-- Work order --
The copy you give must match the lines from the top of the data through the line containing "此外在奇珍閣中還可以使用銀票" exactly, and it must hold no pictures.

-- Supplied material --
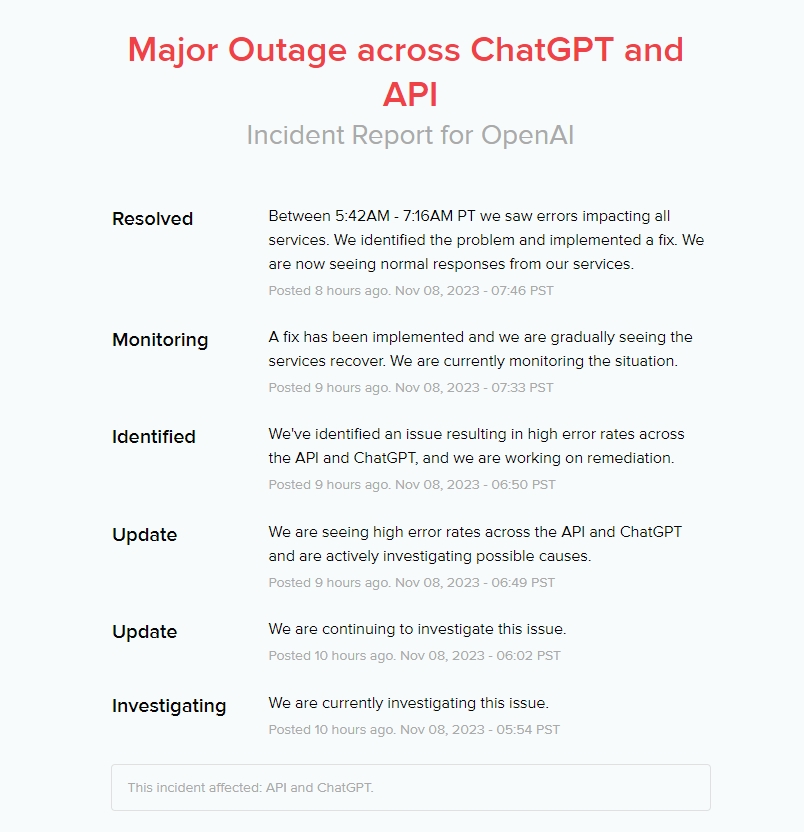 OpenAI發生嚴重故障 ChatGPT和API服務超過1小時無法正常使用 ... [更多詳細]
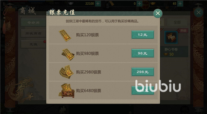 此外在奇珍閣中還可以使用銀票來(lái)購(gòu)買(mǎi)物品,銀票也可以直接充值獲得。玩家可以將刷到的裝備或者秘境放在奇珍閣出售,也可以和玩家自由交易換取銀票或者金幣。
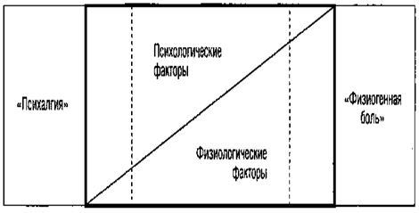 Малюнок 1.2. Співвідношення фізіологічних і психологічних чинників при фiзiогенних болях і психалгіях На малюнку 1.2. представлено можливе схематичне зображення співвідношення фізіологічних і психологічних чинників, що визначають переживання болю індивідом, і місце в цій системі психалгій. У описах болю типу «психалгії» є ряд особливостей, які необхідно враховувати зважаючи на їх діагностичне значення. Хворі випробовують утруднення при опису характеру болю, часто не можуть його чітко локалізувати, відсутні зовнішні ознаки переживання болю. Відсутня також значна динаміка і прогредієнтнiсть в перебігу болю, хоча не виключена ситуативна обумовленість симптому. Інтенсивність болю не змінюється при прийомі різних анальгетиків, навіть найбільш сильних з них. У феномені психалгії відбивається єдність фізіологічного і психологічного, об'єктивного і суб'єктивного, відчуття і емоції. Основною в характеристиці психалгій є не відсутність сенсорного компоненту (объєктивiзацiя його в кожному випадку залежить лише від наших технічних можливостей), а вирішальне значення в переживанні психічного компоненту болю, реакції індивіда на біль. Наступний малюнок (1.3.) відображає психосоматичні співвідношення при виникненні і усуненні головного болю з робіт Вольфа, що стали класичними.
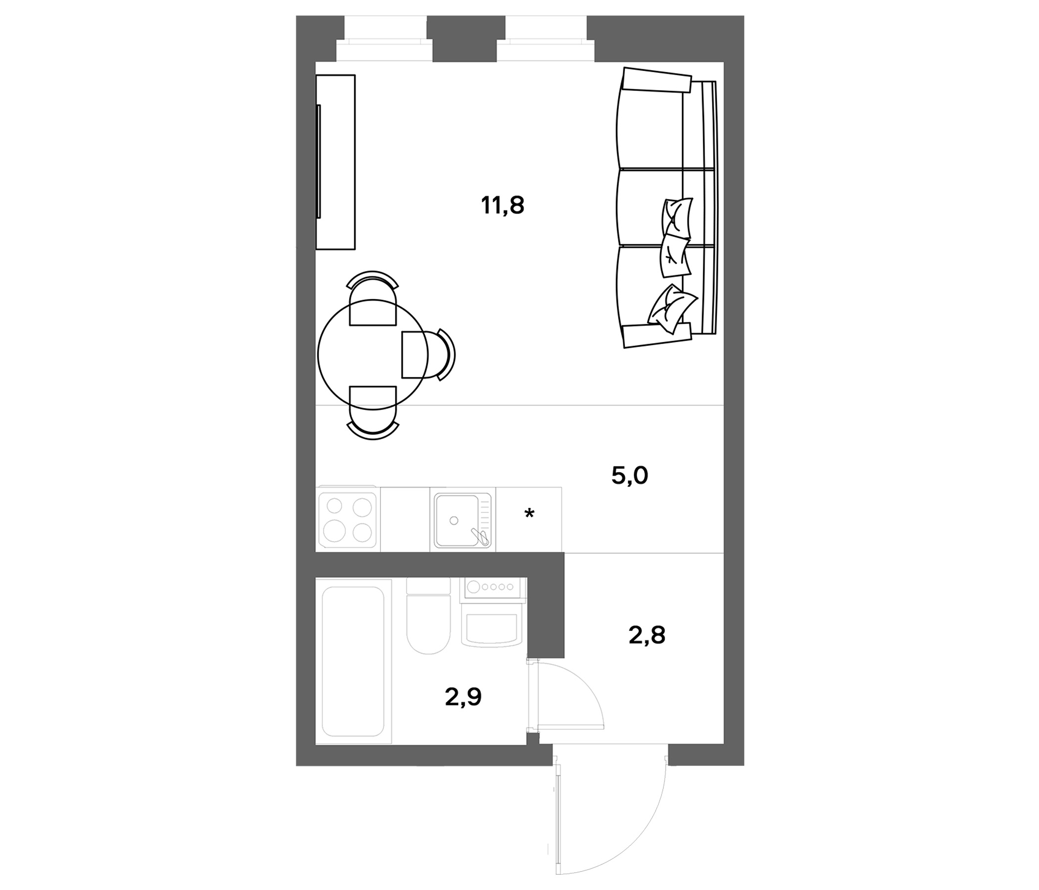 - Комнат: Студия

-- Exercise solution --
 OpenAI發生嚴重故障 ChatGPT和API服務超過1小時無法正常使用 ... [更多詳細]
 此外在奇珍閣中還可以使用銀票來(lái)購(gòu)買(mǎi)物品,銀票也可以直接充值獲得。玩家可以將刷到的裝備或者秘境放在奇珍閣出售,也可以和玩家自由交易換取銀票或者金幣。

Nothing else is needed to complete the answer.